二度にわたるオイルショックを経験した我が国は、それを契機に製油依存型の産業構造を抜本的に変革し、天然ガスおよび原子力エネルギー等を積極的に導入しつつ、エネルギー効率化を図ってきた。そして、今や我が国はそれにおいて他国を圧倒するエネルギー効率優良国となった。しかしながら、そんなわが国であっても、CO2排出量が減少ないし平行線を辿ったわけではなかった。産業部門では、確かにエネルギー高効率化の実績により、エネルギー消費量を抑えつつ、生産規模を拡大することができた。すなわち、この部門においてはCO2排出量が平衡ないし減少に転じる実績を示している。しかしながら、国の経済規模は産業のみでなく、それに係る一連の流通、消費も当然含まれる。生産量が拡大したら、当然ながら、流通・消費の市場も拡大する。これらは、産業のように、エネルギー機器の高効率化を改善することによって対処することは困難である。なぜならば、これらはオートメーション化による生産量の拡大ではなく、人間の意志による経済活動の活発化の結果だからである。人間の意志は操作不能であり、それを目論むならば、それはまさにファシズムと言えよう。

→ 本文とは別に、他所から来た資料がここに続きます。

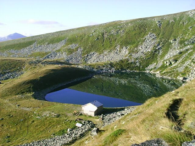 Golemo Lake in the Baba Mountains in the Republic of Macedonia

アジア通貨危機は、アジア諸国に様々な打撃を与え、消費者の財布のひもは固くなった。当然ながら、それに伴う投資・生産は縮小に転じた。その結果、実質経済成長が負に転じた代わりに、CO2排出量が減少するという功を奏することができたわけではある。しかしながら、この事実は地球温暖化の観点からは歓迎されるものであっても、一般的な資本主義原理からしてみれば喜ばしくないものである。
我々はここで、経済活動と地球温暖化防止という、背反するジレンマに直面せざるを得なくなってしまったのである。では、我々は京都議定書の削減目標達成は無理なのであろうか?
結論から言うと、現状の体制であれば不可能であろう。その数値目標を達成するということは事実上、GDPを6%減少させることと同意だからである。少なくとも、工業立国であり、加工貿易で成り立っている我が国がその目標を達成させるとなると、国力の後退は免れない。しかしながら、我々はCO2排出量削減が経済活動のネックになるという先入観に囚われ過ぎていやしないだろうか?経済活動はそもそもイノベーションなくしては成り立たない。ならば、科学技術立国である我が国は、CO2排出量削減義務はネックではなくむしろ、次世代のイノベーションを促進するための布石を云えるのではなかろうか?従って、大切なことはこの課題をいかにして我々の成長につなげることができるかという我々自身の発想の転換である。